Configuration bundles	Externalizes prompts and tool descriptions out of source code and version-manages them on the AgentCore side. You can change agent behavior just by swapping the bundled values — no code change, no redeploy. Also used to run two settings side by side in the A/B test described below.
A/B testing	Routes real traffic via AgentCore Gateway between two variants (control / treatment), scoring each side with an Evaluator. You can compare which prompt actually performs better in production, with statistical backing.

The official docs describe these three as a "continuous improvement loop": Recommendations generates an improved version → Configuration bundles version-controls it → A/B testing validates the effect under real traffic. The three capabilities are designed to cycle.

Prerequisites

Following the official docs, the setup requires:

An agent built with Strands Agents
Deployed to AgentCore Runtime with Observability enabled
CloudWatch Transaction Search enabled

Building the test setup

For the experiment I built a multi-agent setup with Strands Agents — a main agent that delegates to specialized sub-agents for weather and news, wired together with the Agents-as-Tools pattern.

The repo:
https://github.com/n-yokomachi/agentcore-optimization-lab

Configuration bundle structure

To make a setup A/B-testable, prompts and tool descriptions need to be externalized in configBundles inside agentcore.json. The bundle structure I ended up with:

{
  "components": {
    "{{runtime:agentsAsToolsLab}}": {
      "configuration": {
        "systemPrompt": "You are an assistant that answers questions about weather and news.",
        "weather_agent": "Get weather",
        "news_agent": "Get news"
      }
    }
  }
}

A note on the prompts: I deliberately wrote them quite carelessly so the impact of Recommendations would be easy to see.

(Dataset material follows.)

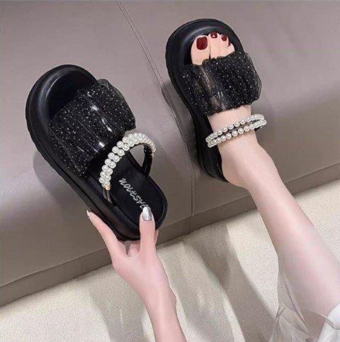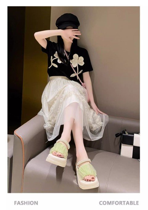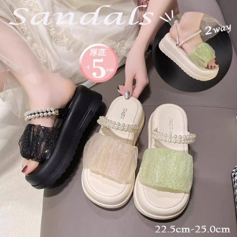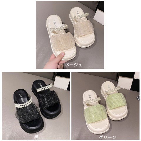 ・足元をパッと華やかに見せるキラキラチュールサンダル。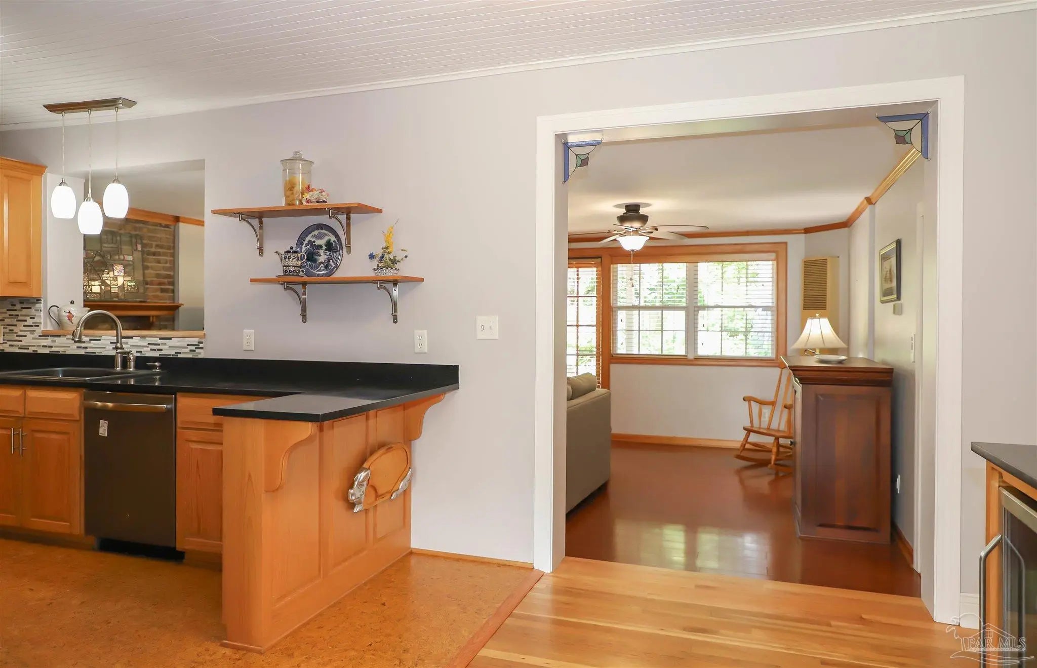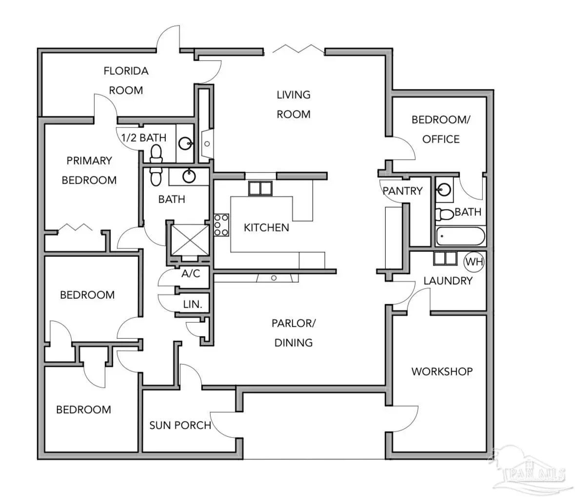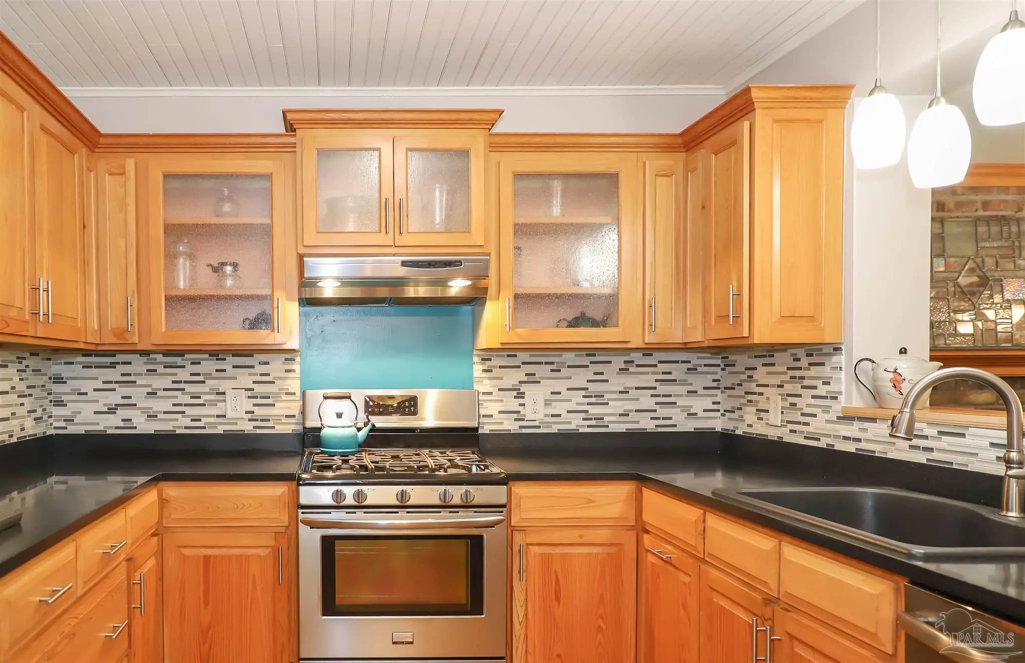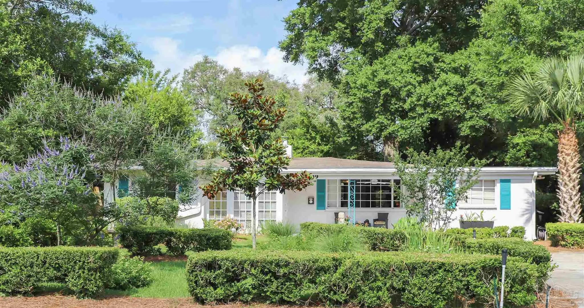 Experience timeless charm and modern comfort in this spacious midcentury brick home, perfectly situated in the desirable North Hill Historic District of Pensacola. With four bedrooms and two and a half baths, this well-maintained residence showcases classic hardwood floors, elegant crown molding, and tastefully updated kitchen and baths. The chef’s kitchen features soapstone countertops, cork flooring, a walk-in pantry, newer appliances, and a bar area with dual beverage coolers, including one for wine. The main bathroom impresses with a luxurious walk-in shower, while two living areas each offer a cozy fireplace for relaxing evenings. Light pours into the dining room through large windows, and both front and back enclosed porches provide year-round enjoyment. Step outside to a private backyard oasis with brick pavers and lush landscaping. Additional highlights include two sunrooms, an attached workshop, storm shutters, and insurance-friendly mitigation by Rebuild Northwest Florida. Major system upgrades include a shingled roof (2016), flat roof (2020), and HVAC (2021). Just minutes from downtown Pensacola’s nightlife, festivals, and cultural scene—this home beautifully blends historic charm with modern updates. A true must-see! Your Realtor has access to recent clear home inspections under documents.

{{runtime:agentsAsToolsLab}} is an agentcore CLI placeholder; it gets resolved to the actual Runtime ARN at deploy time.

One quirk: the tool descriptions (weather_agent / news_agent) sit directly under configuration as flat siblings. This shape matches how the Recommendations API resolves the tool description path. The default structure that the AgentCore CLI generates with --with-config-bundle (which nests them under toolDescriptions) didn't resolve correctly for tool description Recommendations, so I flattened it and that worked.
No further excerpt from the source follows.